Celebrating elementary school graduation with our sixth-grade families is filled with joy and tears, as parents watch their children end one stage and begin another. This is a moment filled with the awareness that the little children—once fully reliant upon their parents for every life step and bound to them with thick rope—are now moving towards the fine gossamer threads with which our kids are held in adulthood. Though true adulthood is far off, each step along the path removes the parents just a bit from the children’s sphere of influence. Parents realize that our capacity to influence our kids and affect their choices diminishes by the year.

It is this realization that makes the confirmation service particularly meaningful. These are truly young adults, preparing to take meaningful steps into ever greater independence.  As they stand before the community and read their words of Jewish commitment and discovered meaning, we the listeners have the opportunity to gain perspective into the next generation. We hear their words and recognize that the world will be placed into their hands. Our minds are filled with questions as we wonder if the preparations we’ve offered them have been adequate. These are the concerns every generation has for the next: Have we done our job? Will they do theirs? 

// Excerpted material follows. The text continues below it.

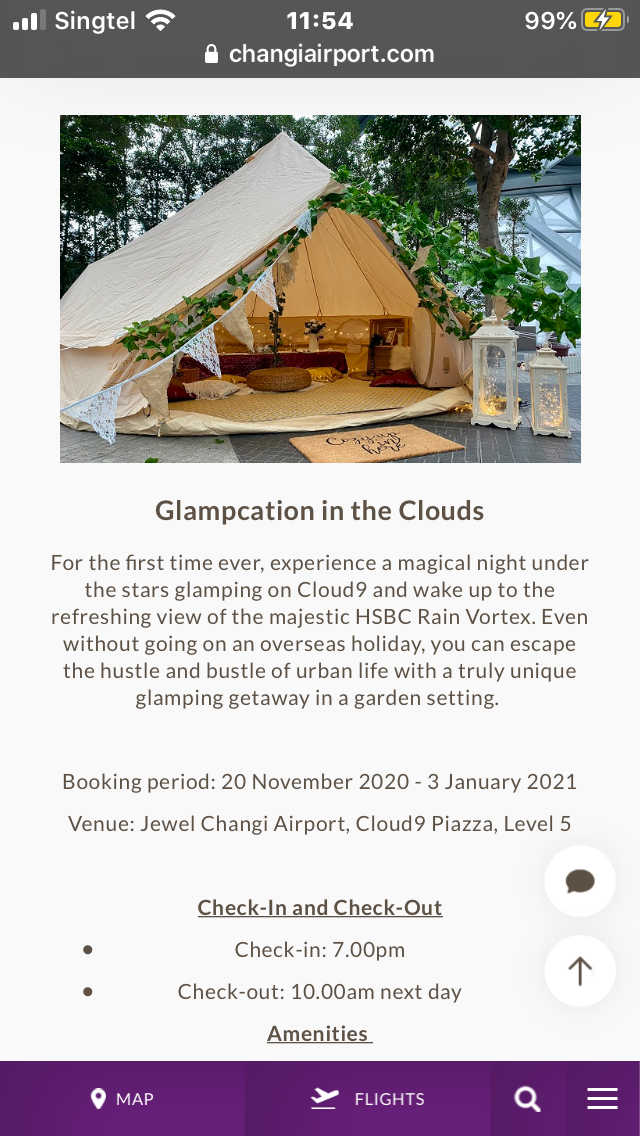 The Changi Airport Group announced on its Facebook page on Tuesday (17 November) that it will be launching a series of “unique experiences and activities” this year-end, in which one of experience include “glamping” at Jewel Changi Airport.

Moments of transition such as these are profoundly meaningful. The richness of our Jewish tradition is that such times of change are marked by rituals that exist not merely for the sake of the ritual, but for the meaning given to the one who experiences that transition. As Reform Jews, we recognize that we can build on the rituals, drawing from tradition while integrating new practices with the old. Neither confirmation nor graduation were ever envisioned by our ancestors, but incorporating both into our own Jewish experience adds deeper purpose and meaning to the lives of all who witness these sacred moments.